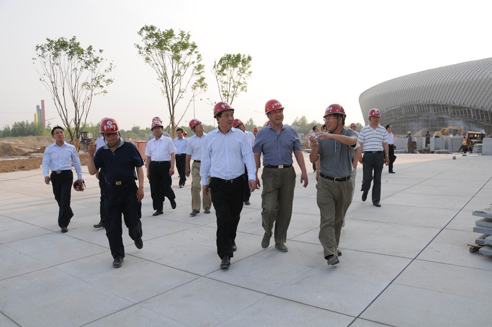 5月9日下午,市委副書(shū)記王獻玲在市委有關(guān)部門(mén)負責同志陪同下到集團公司承建的會(huì )展中心工程視察。集團公司董事長(cháng)、黨委書(shū)記徐鵬強全程陪同視察。
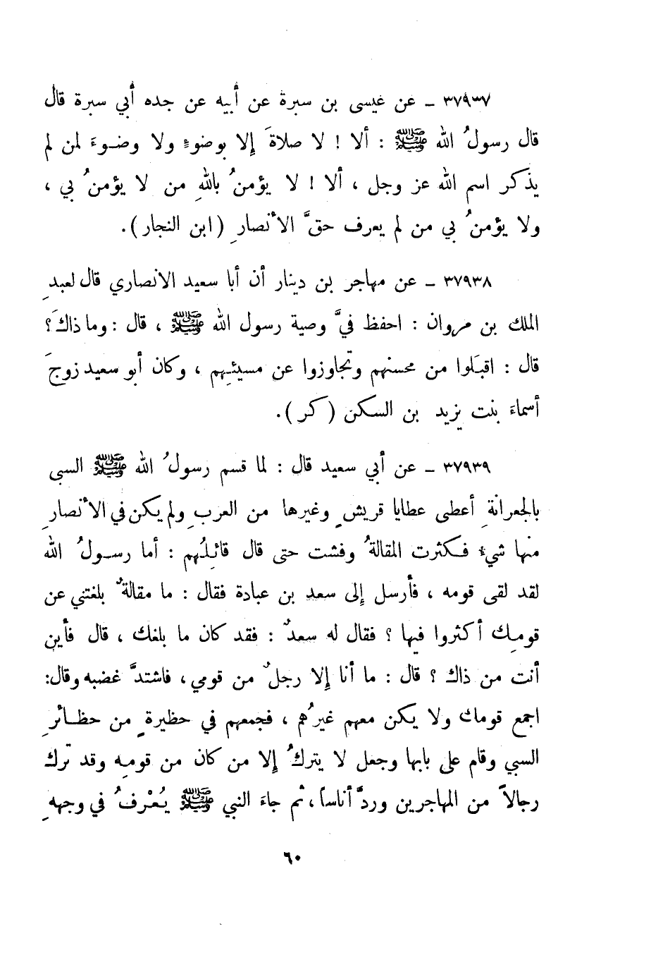 37939- عن أبي سعيد قال: لما قسم رسول الله صلى الله عليه وسلم السبى بالجعرانة أعطى عطايا قريش وغيرها من العرب ولم يكن في الأنصار منها شيء فكثرت المقالة وفشت حتى قال قائلهم: أما رسول الله لقد لقى قومه، فأرسل إلى سعد بن عبادة فقال: "ما مقالة بلغتني عن قومك أكثروا فيها؟ " فقال له سعد: فقد كان ما بلغك، قال "فأين أنت من ذاك؟ " قال: ما أنا إلا رجل من قومي، فاشتد غضبه وقال: "اجمع قومك ولا يكن معهم غيرهم،" فجمعهم في حظيرة من حظائر السبي وقام على بابها وجعل لا يترك إلا من كان من قومه وقد ترك رجالا من المهاجرين ورد أناسا، ثم جاء النبي صلى الله عليه وسلم يعرف في وجهه
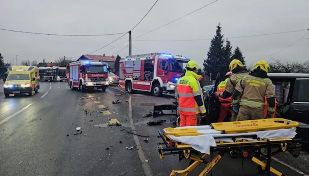 Tragična prometna nesreča na mokri cesti med Radovljico in Novo vasjo pri Lescah. V trčenju avtomobila in šolskega avtobusa je življenje izgubil voznik osebnega vozila, lažje poškodovani štirje otroci.
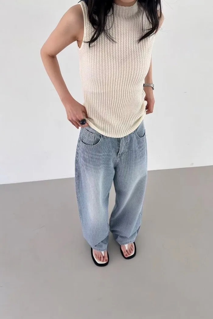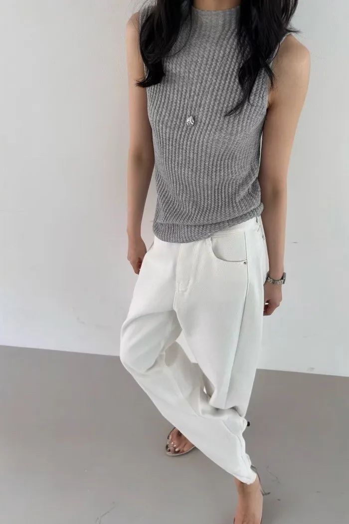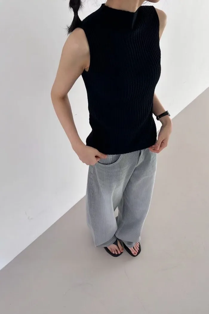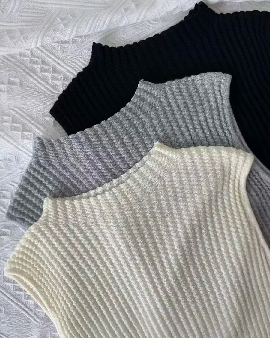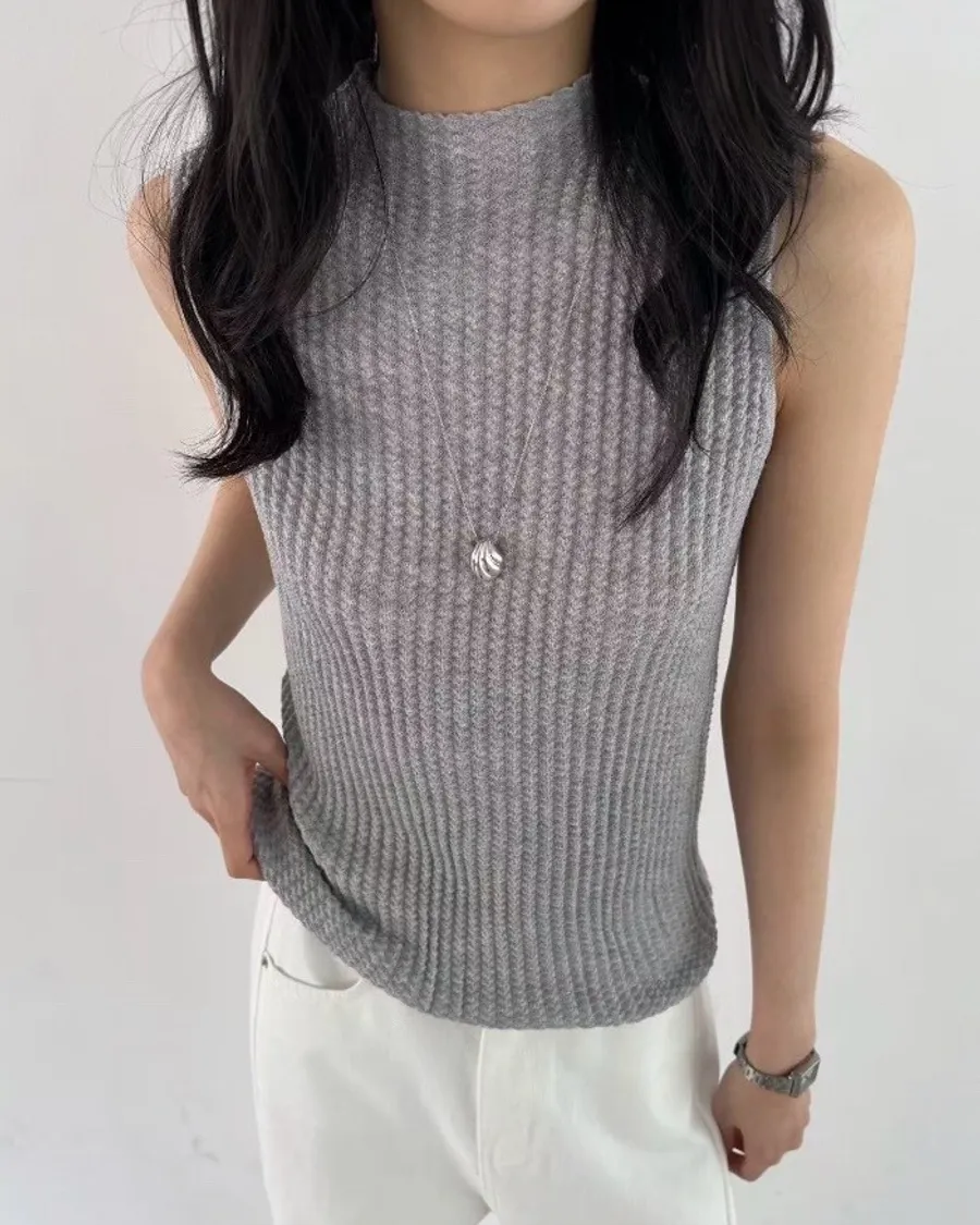 這款立領無袖羅紋針織上衣,以細緻立體的羅紋織紋打造俐落線條,修飾身形比例,呈現乾淨利落的高級質感。
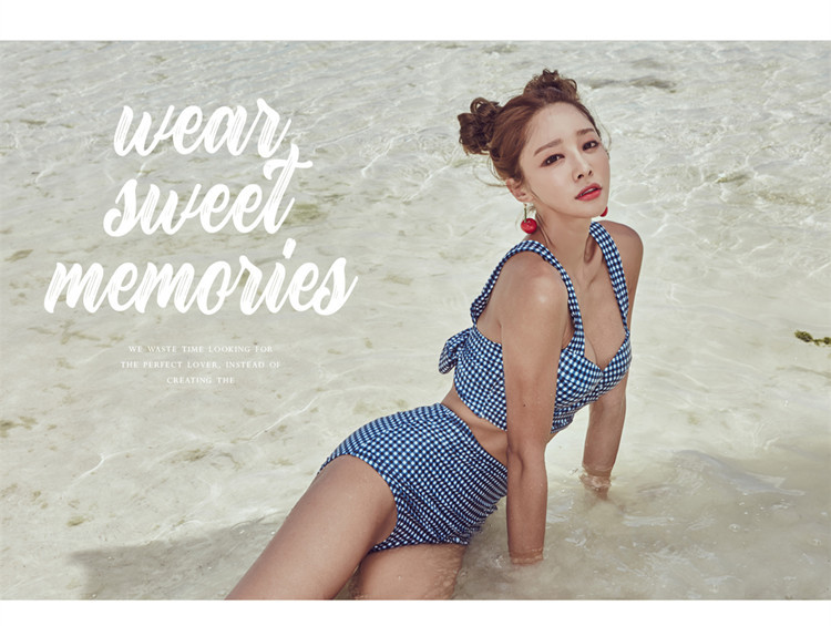 Girl Split Retro Plaid HighWaist Lace Bow Sexy Bikini SwimsuitWomen

_ _ _ _ _ _ _

__Instructions for the task__. The copy runs from the line containing "這款立領無袖羅紋針織上衣,以" through the last line of the material, both ends included. Reproduce those lines exactly and drop the pictures.

__Written solution__.
 這款立領無袖羅紋針織上衣,以細緻立體的羅紋織紋打造俐落線條,修飾身形比例,呈現乾淨利落的高級質感。
 Girl Split Retro Plaid HighWaist Lace Bow Sexy Bikini SwimsuitWomen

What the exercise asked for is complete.